▶ Required work: Please reproduce all of the data exactly as it appears, but skip the pictures.

▶ Data below:
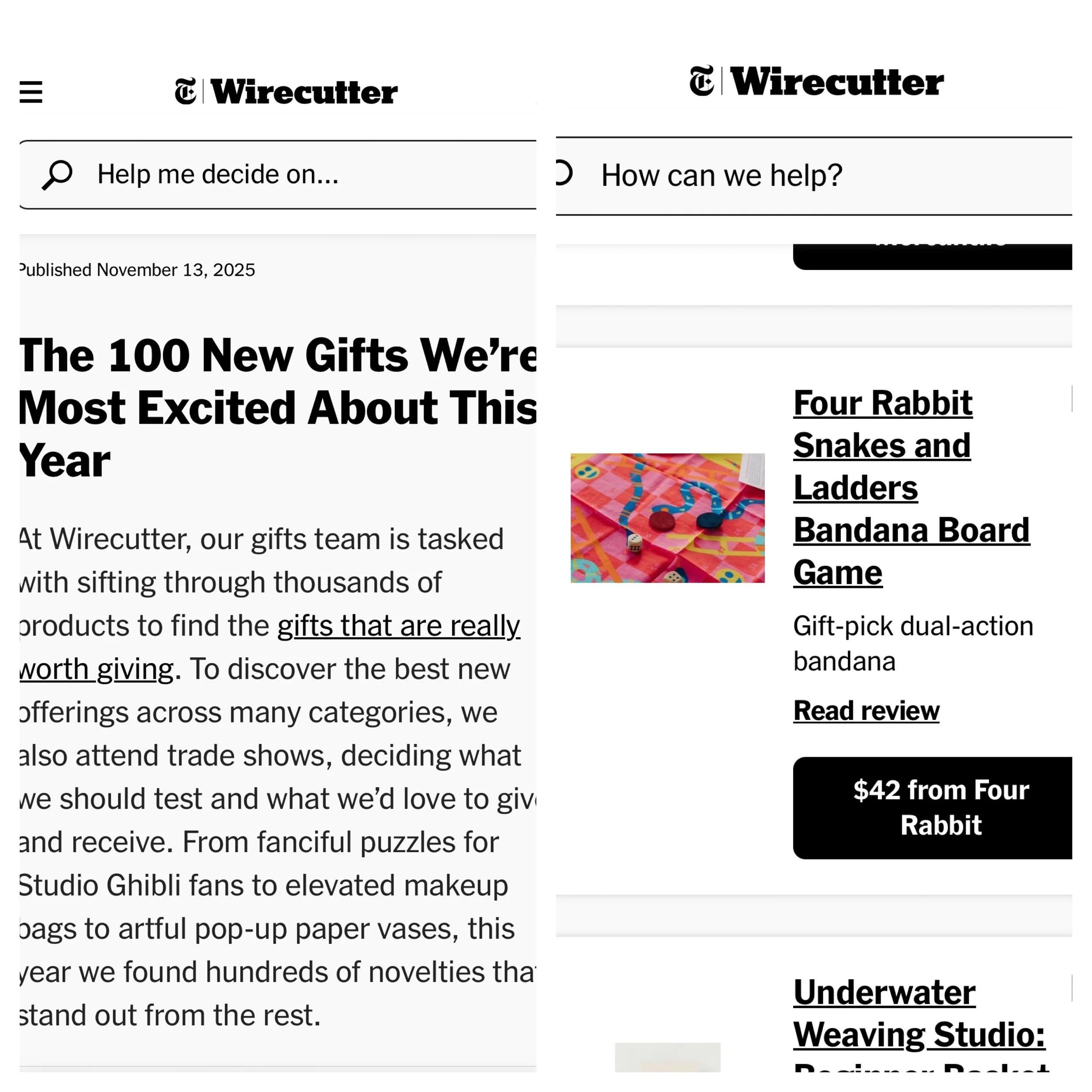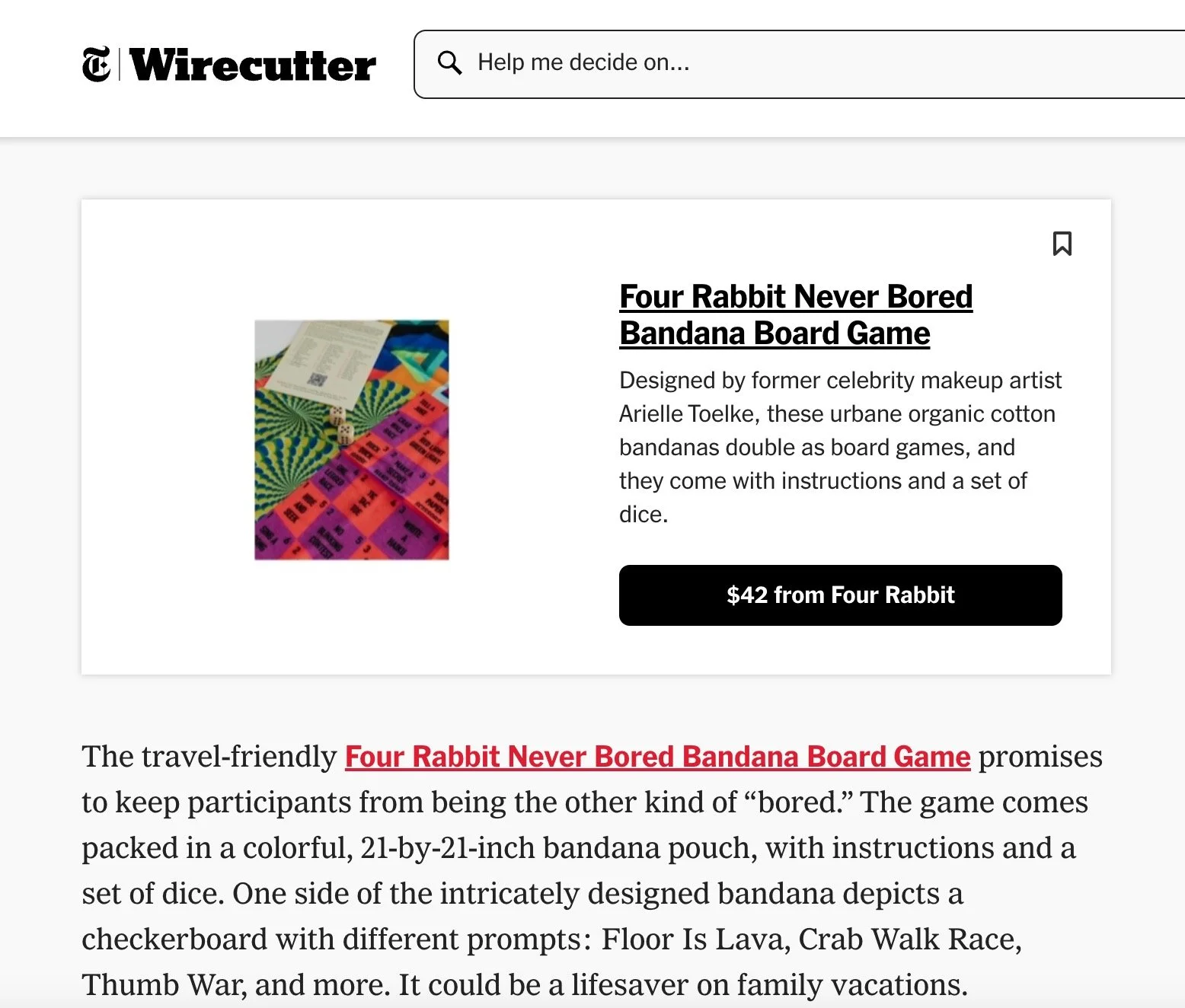 WOW we cant believe it! We have made it into so many gift guides this year. Its a dream come true to be in the New York Times Holiday Gift Guide along with TWO! Wirecutter gift guides, 100 gifts we are excited about this year (Snakes and Ladders Bandana Board Game) and Gifts for people who have everything (Never Bored Bandana Board Game). We are also on the Locavores Shop Local Gift Guide and a Sustainable Gifts Gift Guide. WOW WOW!
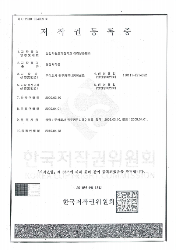 [한국/저작권] 신입사원조기전력화 이러닝 콘텐츠 페이지 정보 작성자 WeDu 댓글 0건 조회 6,571회 작성일 19-05-30 19:01 본문 2010-04-13 저작권 C-2010-004069 신입사원조기전력화 이러닝콘텐츠 / 편집저작물 List Previous[한국/저작권] 리안의 수학 모험 19.05.30 Next[한국/상표] OLL 41류 19.05.30
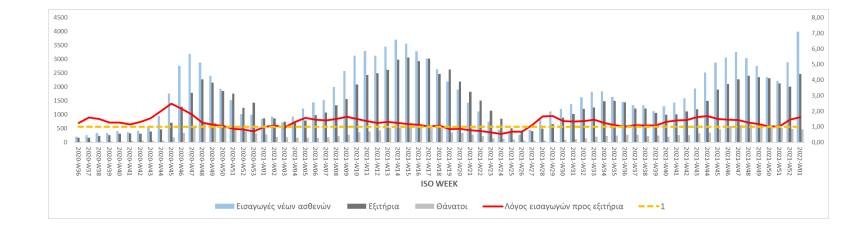 Την εβδομάδα αναφοράς, οι εισαγωγές νέων ασθενών ήταν 3.988, ενώ το σύνολο των εξιτηρίων λόγω ίασης ήταν 2.467. O λόγος εισαγωγών νέων ασθενών προς εξιτήρια λόγω ίασης ήταν 1.62.

▶ Exercise response:
 WOW we cant believe it! We have made it into so many gift guides this year. Its a dream come true to be in the New York Times Holiday Gift Guide along with TWO! Wirecutter gift guides, 100 gifts we are excited about this year (Snakes and Ladders Bandana Board Game) and Gifts for people who have everything (Never Bored Bandana Board Game). We are also on the Locavores Shop Local Gift Guide and a Sustainable Gifts Gift Guide. WOW WOW!
 [한국/저작권] 신입사원조기전력화 이러닝 콘텐츠 페이지 정보 작성자 WeDu 댓글 0건 조회 6,571회 작성일 19-05-30 19:01 본문 2010-04-13 저작권 C-2010-004069 신입사원조기전력화 이러닝콘텐츠 / 편집저작물 List Previous[한국/저작권] 리안의 수학 모험 19.05.30 Next[한국/상표] OLL 41류 19.05.30
 Την εβδομάδα αναφοράς, οι εισαγωγές νέων ασθενών ήταν 3.988, ενώ το σύνολο των εξιτηρίων λόγω ίασης ήταν 2.467. O λόγος εισαγωγών νέων ασθενών προς εξιτήρια λόγω ίασης ήταν 1.62.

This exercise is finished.